Но в эту минуту дверь из кабинета замнаркома отворилась, и, почтительно изогнувшись, в приемную проскользнул маленький смуглый человечек с длинными волосами и громадным портфелем под мышкой.
Послышался звонок. Юноша выпрямился, замер и, сильно тряхнув головой, словно отгоняя назойливые мысли, вошел в кабинет. Он почти тотчас же вышел и схватил телефонную трубку.
– Гараж? Товарищу Эпштейну машину! Срочно! Пожалуйста!
– он указал мне на дверь кабинета.
– Не более семи минут! Замнарком спешит на заседание.
Мне больше не пришлось говорить с юношей. Люди входили, выходили, приносили бумаги из других отделов для подписи. Секретарь был всегда занят. Только один раз мне пришлось с ним быть наедине несколько минут.
– Я хотел бы поговорить с вами, - сказал мне юноша.
– Очень рада, только боюсь, не могу сегодня: я уезжаю в деревню, но я опять приеду через неделю.
Я думала о нем по дороге домой, и мне жалко было, что мне не пришлось с ним поговорить. Мне казалось, по выражению его лица, его грустных глаз, дрожащему голосу, что ему было тяжело и что что-то тяжким бременем лежало на его душе. Но мне не суждено было узнать его тайну.
Десять дней спустя, когда я снова пришла в наркомпрос, дверь в комнату комсомольца-секретаря была закрыта. Слышно было, что в комнате шло движение, точно передвигали мебель, несколько человек стояли в коридоре и рассказывали что-то друг другу взволнованным шепотом. Я постояла в нерешительности несколько секунд и постучала в дверь. Никто не ответил. Я спросила чиновника в соседней комнате, что случилось.
– Комнату чистят. Наведайтесь через часок.
Проходя по коридору, я встретила знакомую девушку.
– Вы знаете, что случилось?
– спросила она, видимо, горя желанием поделиться со мной сенсационной новостью.
– Нет, не знаю.
– Товарищ Павел, секретарь Эпштейна,
– Что?!!
– Да. Пять минут тому назад. В висок. Нашли его сидящим за столом, голова рукой подперта, а бумага вся залита кровью. Сейчас убирают...
Она продолжала болтать... Но я ее больше не слушала...
Я думала о страдающем, задумчивом юноше с грустными, прямо смотрящими глазами. Эти глаза, казалось мне, просили помощи, сочувствия.
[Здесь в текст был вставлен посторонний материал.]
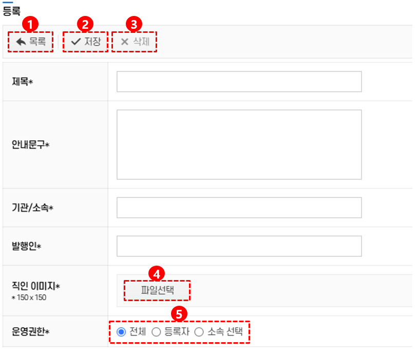 - 필수 항목(제목, 안내문구, 기관/소속, 발행인, 직인 이미지, 운영권한)을 입력해야 저장할 수 있습니다.
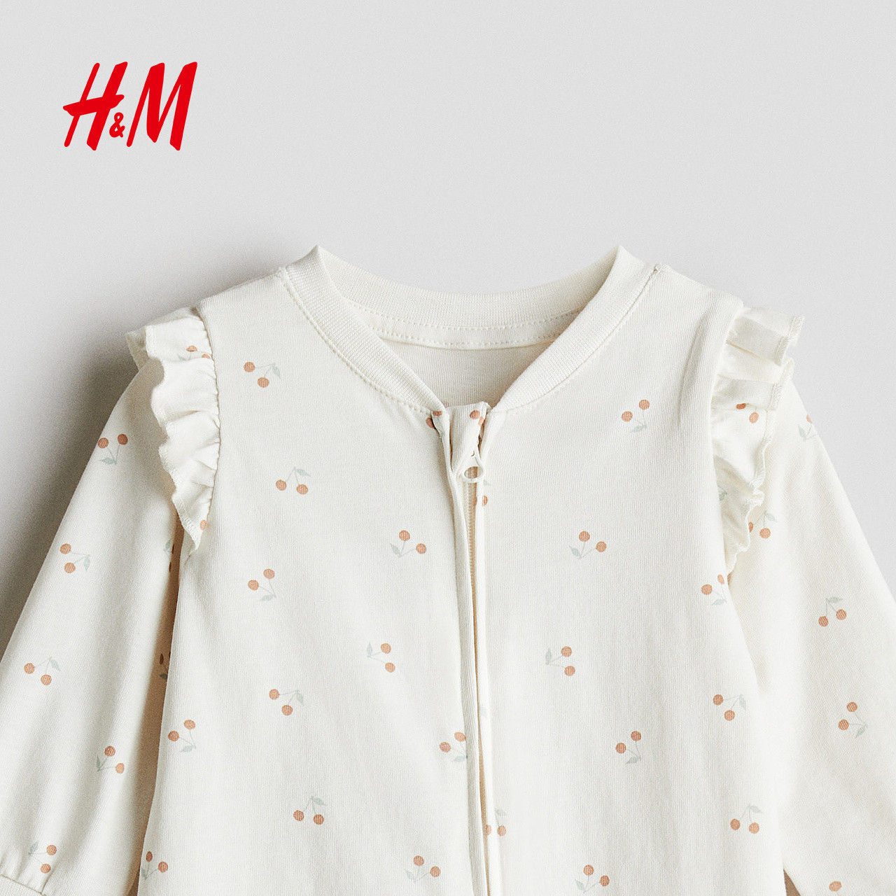 HM童装女婴儿童家居服春季长袖长裤圆领印花连体家居睡衣1238371

"Зачем, зачем ты это сделал?" - мысленно спрашивала я его, вспоминая его крестьянское чистое лицо, непослушный хохол на голове, сильные крестьянские руки.
– Почему он это сделал?
– сказала я громко.
– Никто не знает, - ответила девушка, - коммунисты говорят, что работник он был хороший, но партиец был плохой, несознательный.
* * *
Трудно было просить этому гордому юноше, сыну губернатора. Опускались глаза с длинными черными ресницами, низко склонялась смуглая голова с коротко остриженными волосами.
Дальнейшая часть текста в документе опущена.